Masochistic Perceptions, Trials and Truths

These are my cyberfied cerebral synapses ricocheting off reality as I perceive it: thoughts, opinions, passions, rants, art and poetry...

Friday, January 08, 2010

Healthy Thoughts on Sickness: Autobiography of My Cold



My first test to take life easier came very early this year (see new year's eve post for more details). On Saturday, January 2nd, I felt a wee tickle in my sinuses and throat and could see that I was perhaps on the verge of catching one of the many colds that fly about this time of year, seeking out warm, moist caverens in which to set up their lodges. Sure enough, by the time I awoke on the Sunday, the prickle of the germs, of which Lucretius wrote of in his poem "De Rerum Natura", were staking out my sinuses allowing damns of congestion to pool and solidify, surrendering briefly in large globules against the stream of my neti pot, but replenishing with an even greater rapidity. With the congestion came fatigue as my vocal chords became damped as if a piano string with said pedal stuck on it's chord. Looming that night was Monday morning and a return to work where I am entrusted with the learning of 18 special needs students, who mean the world to me.

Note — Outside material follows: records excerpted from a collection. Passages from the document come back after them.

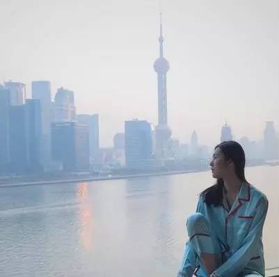 照片里的她身穿水蓝色睡衣望向浦江,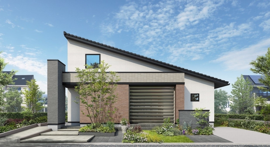 空に向かって伸びる大屋根のシルエットが、大らかさを演出するモダンデザイン。ファサードのアクセントタイルや大型ルーバーが住まいに程よいアクセントを付け、外観をモダンに演出します。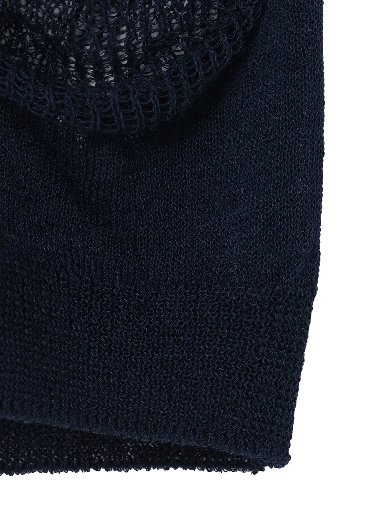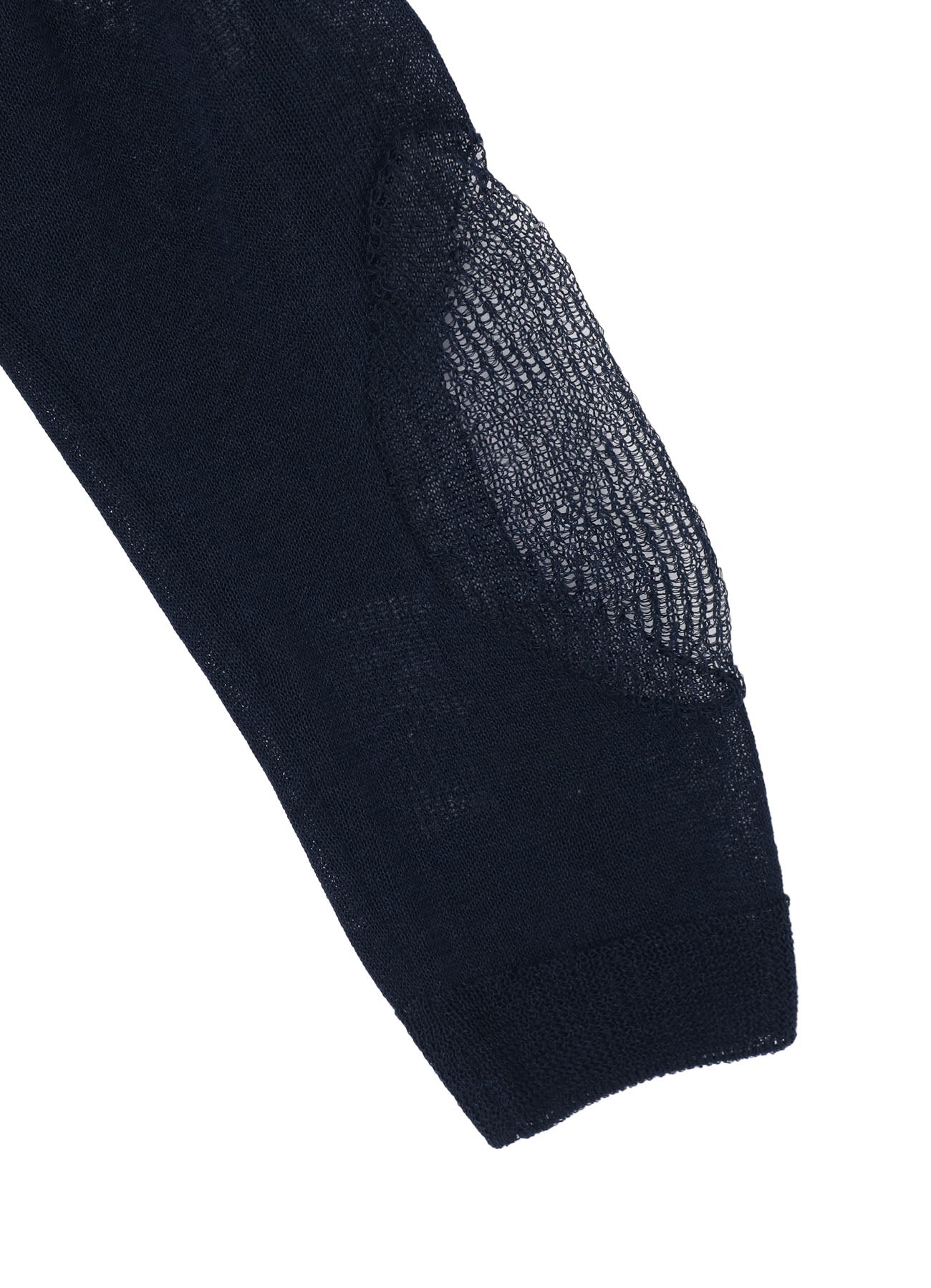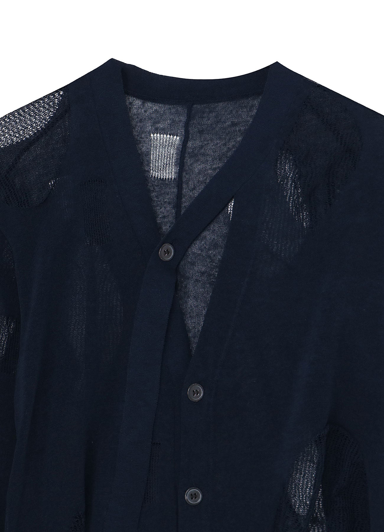 Esta chaqueta de punto tiene una textura translúcida que ofrece un aspecto refrescante, ideal para el pleno verano. Fabricada con material de baja formación de bolitas, proporciona una sensación suave y fresca. La mezcla de poliéster ayuda a reducir las arrugas, manteniendo una apariencia impecable. El modelo usa un artículo de muestra.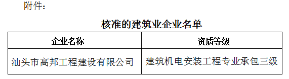 關(guān)于建筑業(yè)企業(yè)資質(zhì)核準(zhǔn)結(jié)果的公告汕住建公告〔2018〕47號(hào)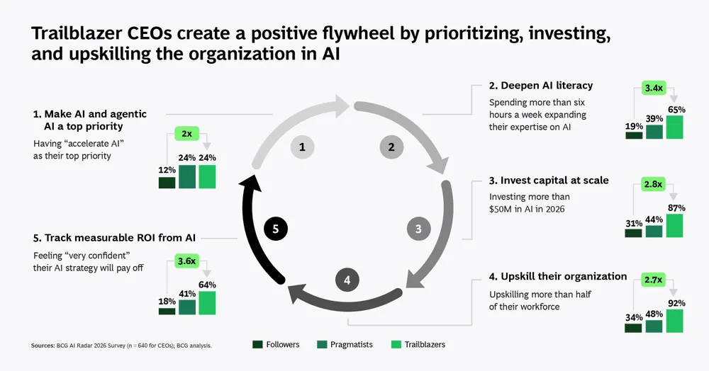 BCG’s segmentation of CEOs highlights a widening performance gap. Trailblazers—roughly 15% of leaders—are embedding AI deeply across workflows, aggressively upskilling their workforce, and prioritizing agentic AI. These organizations report measurable gains in productivity, decision speed, and quality, reinforcing a virtuous cycle of confidence and adoption.

So, like a trooper, I ventured to work on Monday morning and was glad for having done so. The holidays are often a difficult time for the students in the demographics that mine dwell - poverty, abuse, alcoholism, drug use, gangs, violence. Our classroom is more like a family in many ways as I teach them pretty much the entire day and will have most of them for the whole three years of their junior high education. Thus, my spirits were lightened a bit by seeing them and it was wonderful to gain that sense of breaking from the Holiday's grip and return to a life as it is most of the time.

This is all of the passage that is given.